(TASK DIRECTIONS):
Beginning with the line where "中新网好莱坞七月三十一日电 (记者 贾国荣)" appears, restate each line word for word until the data ends. Pictures do not go in.

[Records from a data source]
►
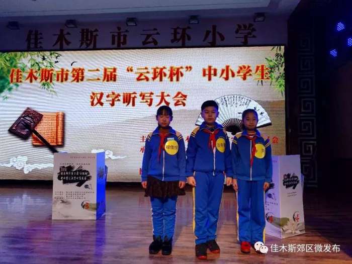 佳木斯市教育局、佳木斯市语言文字委员会于11月11日在云环小学召开第二届“云环杯”汉字听写大赛。本次参赛队伍共有28支,每队3人,计84人。其中外县10个参赛队、市区5个参赛队、市直学校13个队伍。郊区望江中心小学的穆佳悦、汪存易、李哲三名同学经过层层选拔、过关斩将,最后胜出,代表郊区参加全市汉字大赛,获得了参加全市汉字听写大赛的入场券。经过几轮激烈角逐,穆佳悦表现突出,和二十小的选手形成激烈的胶着状态,最后虽未能进级决赛,但大家看到了与优秀选手、先进学校的差距,明确了今后的努力方向。望江联校在今后的工作中将更加注重开拓学生的视野、注重培养学生知识面的深度和广度,本次大赛也必将对教学工作起到引领和带动作用。
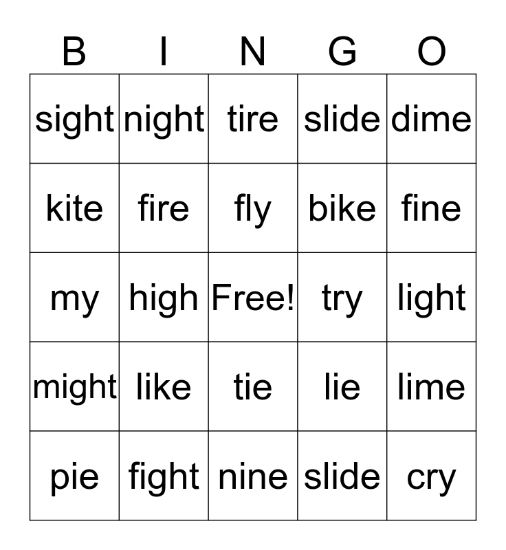 This bingo card has a free space and 24 words: like, fight, fly, pie, dime, sight, kite, night, try, tie, bike, my, lie, lime, fire, slide, light, tire, fine, high, cry, might, slide and nine.
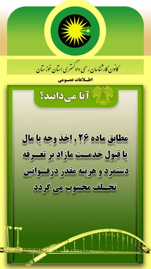 به گزارش روابط عمومی و به نقل از کمیته آموزش کانون کارشناسان رسمی دادگستری استان خوزستان: مطابق ماده ۲۶ قانون کارشناسان رسمی دادگستری .اخذ وجه یا مال یا قبول خدمت مازاد بر تعرفه دستمزد و هزینه مقدر در قوانین ؛تخلف محسوب می گردد.
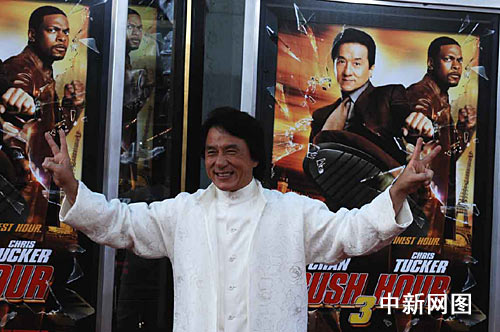 中新网好莱坞七月三十一日电 (记者 贾国荣) 美国电影大片《尖峰时刻3》七月三十一日在好莱坞中国剧院举行首映式,片中担任主角的著名中国香港影星成龙踏上红地毯,获得各族裔粉丝的欢呼尖叫。
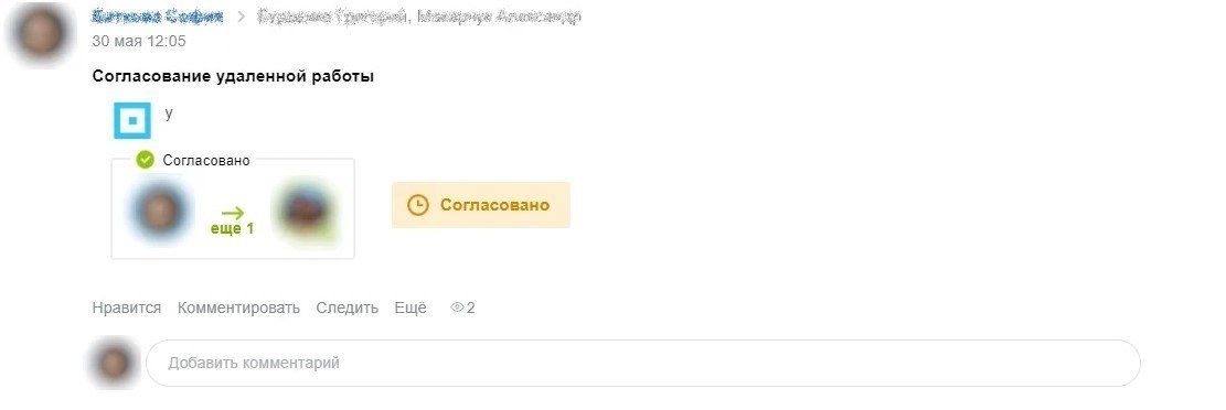2. Важный процесс на нашем корпортале — согласование удалённой работы. Стандартное «отсутствие» в Битрикс24 оформляется как отпуск и подразумевает, что на сотрудника невозможно поставить задачу. «Удаленная работа» — специальный тип отсутствия, который понимает, что сотрудник на рабочем месте и выполняет задачи.
◄
(WORKED SOLUTION):
 中新网好莱坞七月三十一日电 (记者 贾国荣) 美国电影大片《尖峰时刻3》七月三十一日在好莱坞中国剧院举行首映式,片中担任主角的著名中国香港影星成龙踏上红地毯,获得各族裔粉丝的欢呼尖叫。
2. Важный процесс на нашем корпортале — согласование удалённой работы. Стандартное «отсутствие» в Битрикс24 оформляется как отпуск и подразумевает, что на сотрудника невозможно поставить задачу. «Удаленная работа» — специальный тип отсутствия, который понимает, что сотрудник на рабочем месте и выполняет задачи.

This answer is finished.